When indexing two-dimensional arrays, the first dimension always corresponds to the rows, and the second dimension corresponds to the columns!

So e.g. my_array[1,2] would give you the item in row 1, column 2. As a visualization, here are the individual indices for a a 2x3 array:

my_array	Column 0	Column 1	Column 2
Row 0	my_array[0,0]	my_array[0,1]	my_array[0,2]
Row 1	my_array[1,0]	my_array[1,1]	my_array[1,2]
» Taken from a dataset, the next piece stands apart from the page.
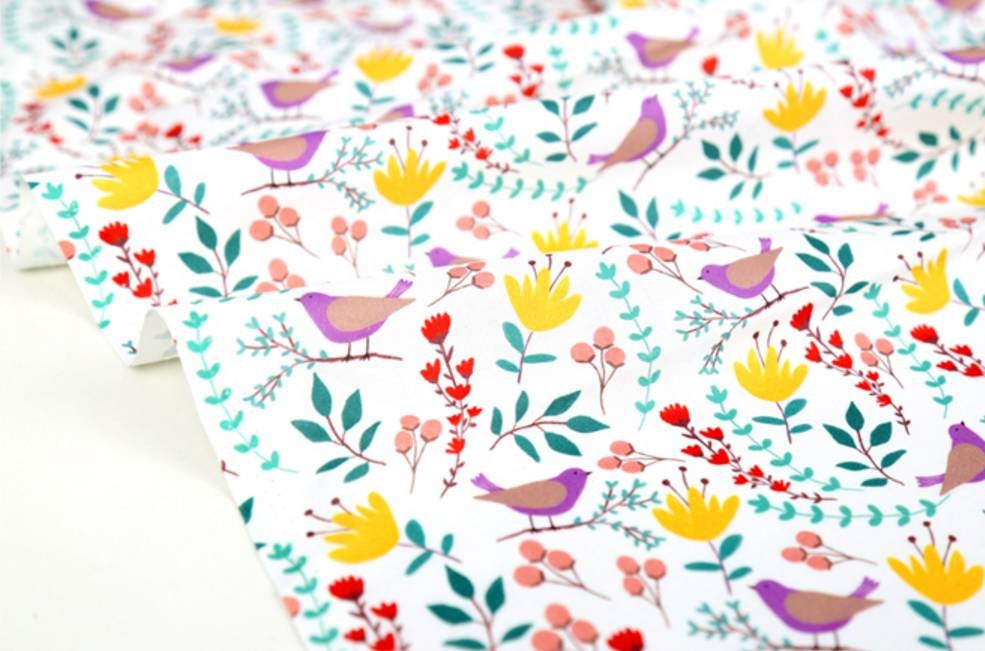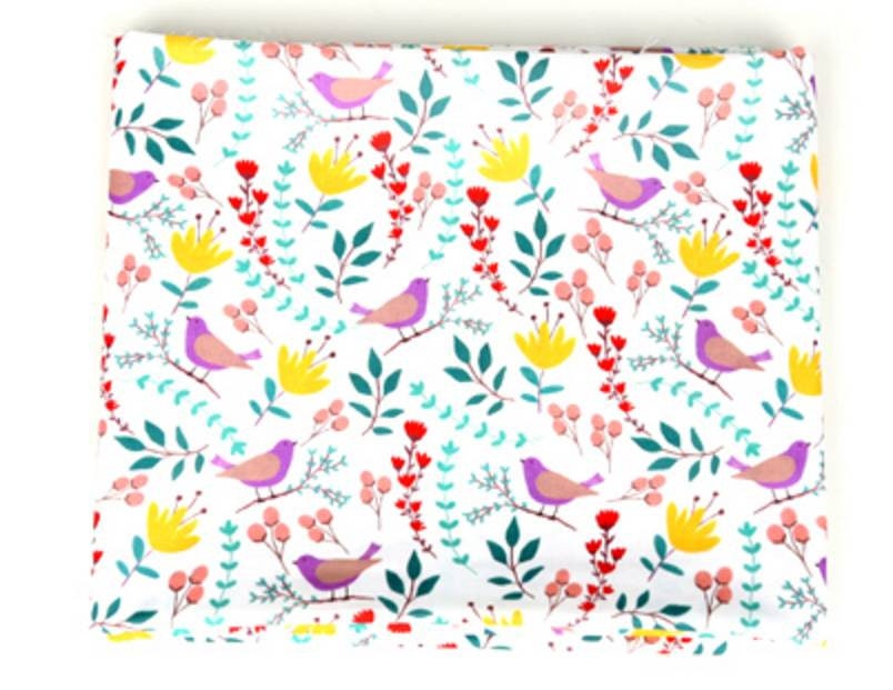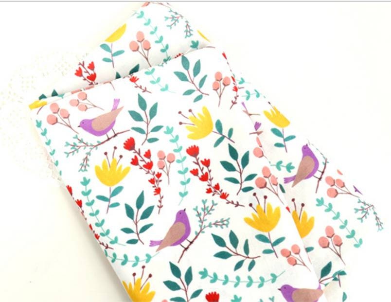 Bird and Flower Leaf Patterned Fabric, Cute, Kids, Sewing, Quilt - Korean Fabric

Indexing whith conditionals#

An alternative way of indexing is to use logical oparations. This allows us to chose values from an array, only if they fulfil specific kind of conditions. For example, if we want to get all numbers in an array which are larger than 0, we can use the following expressions:

my_array = np.array([[0,2,0],
                    [0,8,9]])
larger_than_zero = my_array > 0
print(larger_than_zero)

[[False  True False]
 [False  True  True]]

You can see that the result are not yet the values which are larger than zero themselves, but a boolean array which tells us a which positions in the array our condition is Trueor False. We can then use this boolean array for indexing to extract the specific values from the array:

print(my_array[larger_than_zero])

[2 8 9]

This can be useful if you for example want to calculate some statistics over an array. For example, think about an array which holds reaction times measured in one of your experiments, and you want to exclude reaction times of more than one second from your analysis.

Arithmetic with arrays#

Another useful feature of arrays is that you can apply a variety of mathematical operations on them. For example, you can add and substract numbers from all elements in the array, or multiply/divide all elements in the array:

my_array = np.array([[1,2,3],
                     [4,5,6]])
print(my_array + 3)
print(my_array * 2)

[[4 5 6]
 [7 8 9]]
[[ 2  4  6]
 [ 8 10 12]]

Summary

The numpy library is the tool of choice when dealing with n-dimensional arrays in Python.